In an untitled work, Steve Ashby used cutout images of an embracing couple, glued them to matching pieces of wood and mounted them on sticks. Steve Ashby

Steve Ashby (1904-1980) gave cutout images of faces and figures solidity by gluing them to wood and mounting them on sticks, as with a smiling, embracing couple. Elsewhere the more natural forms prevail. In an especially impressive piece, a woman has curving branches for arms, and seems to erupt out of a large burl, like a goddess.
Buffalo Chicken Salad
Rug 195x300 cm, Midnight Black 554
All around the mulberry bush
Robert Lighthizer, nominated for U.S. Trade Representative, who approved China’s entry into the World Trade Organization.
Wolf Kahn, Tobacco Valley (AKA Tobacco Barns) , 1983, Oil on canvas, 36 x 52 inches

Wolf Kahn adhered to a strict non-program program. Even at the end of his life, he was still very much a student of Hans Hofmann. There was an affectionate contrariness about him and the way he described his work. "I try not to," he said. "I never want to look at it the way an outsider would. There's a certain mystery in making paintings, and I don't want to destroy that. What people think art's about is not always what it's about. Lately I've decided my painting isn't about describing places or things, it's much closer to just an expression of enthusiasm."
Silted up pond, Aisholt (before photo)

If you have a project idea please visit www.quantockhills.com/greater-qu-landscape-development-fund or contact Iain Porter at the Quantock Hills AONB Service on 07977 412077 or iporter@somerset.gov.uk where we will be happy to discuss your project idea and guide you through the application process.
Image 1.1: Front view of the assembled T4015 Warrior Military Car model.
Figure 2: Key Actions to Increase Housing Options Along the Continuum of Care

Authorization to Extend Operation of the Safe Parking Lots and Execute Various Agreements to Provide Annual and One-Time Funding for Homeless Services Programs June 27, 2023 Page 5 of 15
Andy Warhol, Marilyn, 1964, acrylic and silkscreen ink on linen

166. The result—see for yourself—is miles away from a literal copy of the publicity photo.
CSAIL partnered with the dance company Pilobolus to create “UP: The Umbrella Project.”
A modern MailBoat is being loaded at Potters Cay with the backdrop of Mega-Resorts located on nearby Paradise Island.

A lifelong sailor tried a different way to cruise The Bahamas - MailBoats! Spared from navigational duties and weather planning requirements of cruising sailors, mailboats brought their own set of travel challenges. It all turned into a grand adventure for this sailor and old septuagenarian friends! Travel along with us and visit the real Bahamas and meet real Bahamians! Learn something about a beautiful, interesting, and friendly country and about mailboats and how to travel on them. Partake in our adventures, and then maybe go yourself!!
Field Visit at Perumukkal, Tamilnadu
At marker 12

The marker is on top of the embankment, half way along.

---

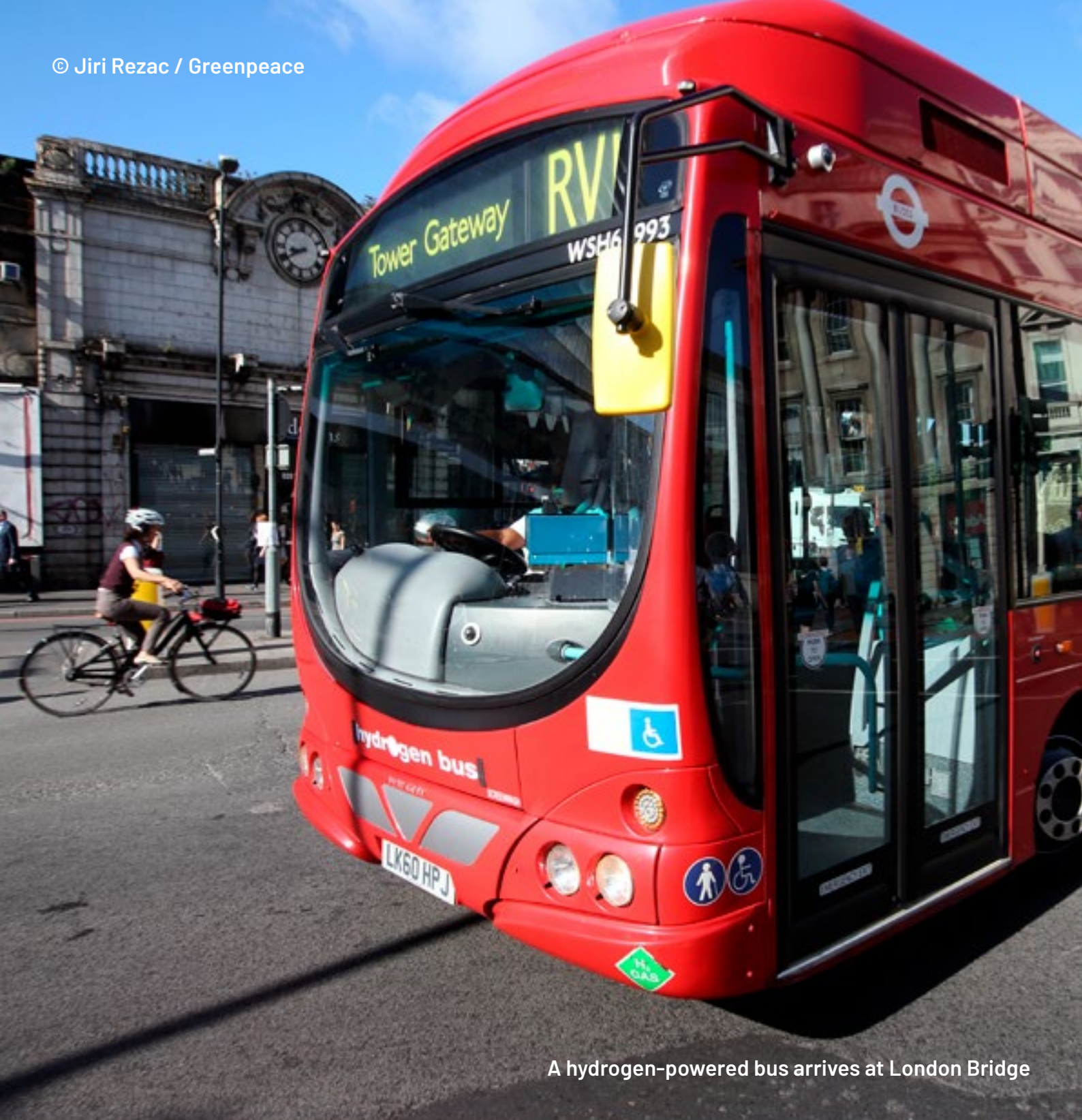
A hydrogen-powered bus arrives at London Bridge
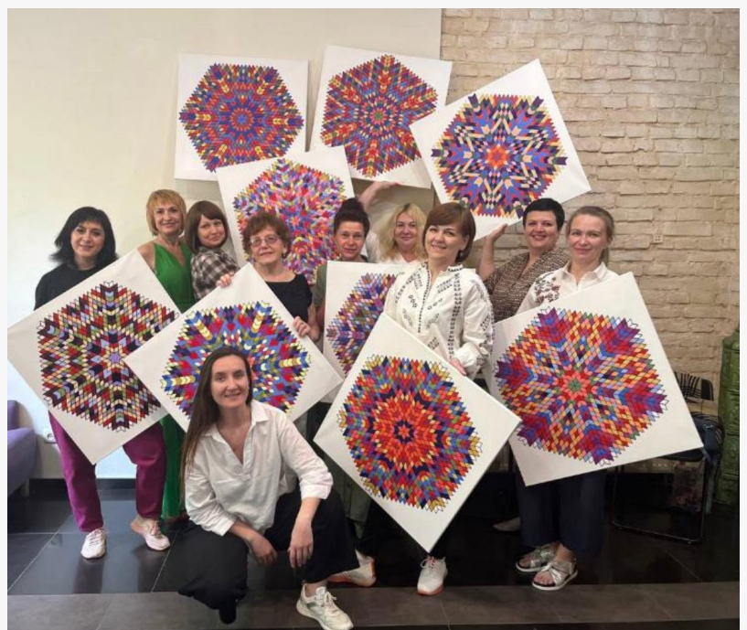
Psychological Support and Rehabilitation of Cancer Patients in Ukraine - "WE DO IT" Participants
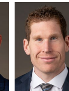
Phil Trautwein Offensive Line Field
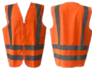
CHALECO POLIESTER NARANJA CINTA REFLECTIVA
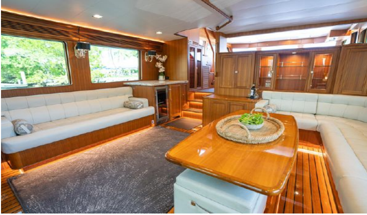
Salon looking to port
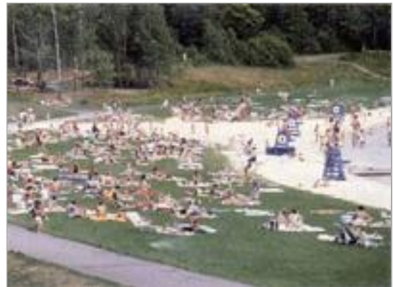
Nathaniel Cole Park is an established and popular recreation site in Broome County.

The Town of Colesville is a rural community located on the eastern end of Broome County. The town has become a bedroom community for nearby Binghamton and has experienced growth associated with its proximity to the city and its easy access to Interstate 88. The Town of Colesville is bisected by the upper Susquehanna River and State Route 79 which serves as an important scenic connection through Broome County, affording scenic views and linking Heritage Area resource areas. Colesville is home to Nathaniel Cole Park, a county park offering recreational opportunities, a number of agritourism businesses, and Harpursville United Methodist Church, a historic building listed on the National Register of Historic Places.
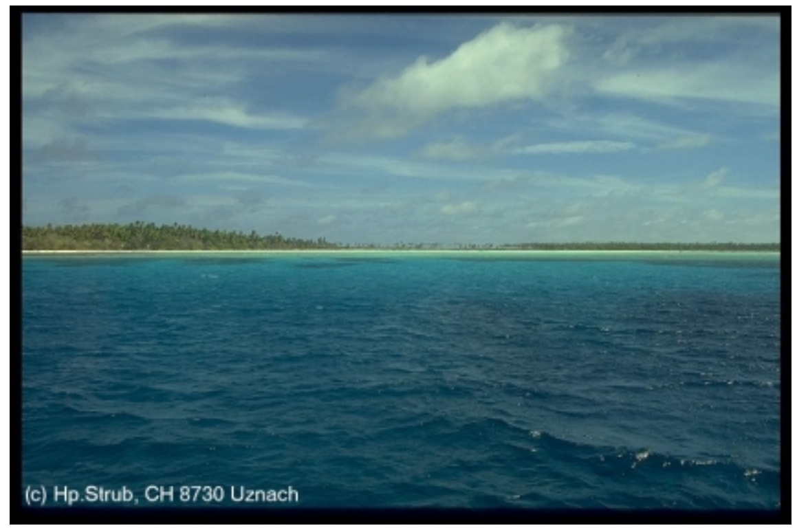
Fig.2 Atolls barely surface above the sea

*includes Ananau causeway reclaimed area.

▶ Try it:
All lines that include the word "wood" must be copied from the material above.

▶ Result for this exercise:
In an untitled work, Steve Ashby used cutout images of an embracing couple, glued them to matching pieces of wood and mounted them on sticks. Steve Ashby
Steve Ashby (1904-1980) gave cutout images of faces and figures solidity by gluing them to wood and mounting them on sticks, as with a smiling, embracing couple. Elsewhere the more natural forms prevail. In an especially impressive piece, a woman has curving branches for arms, and seems to erupt out of a large burl, like a goddess.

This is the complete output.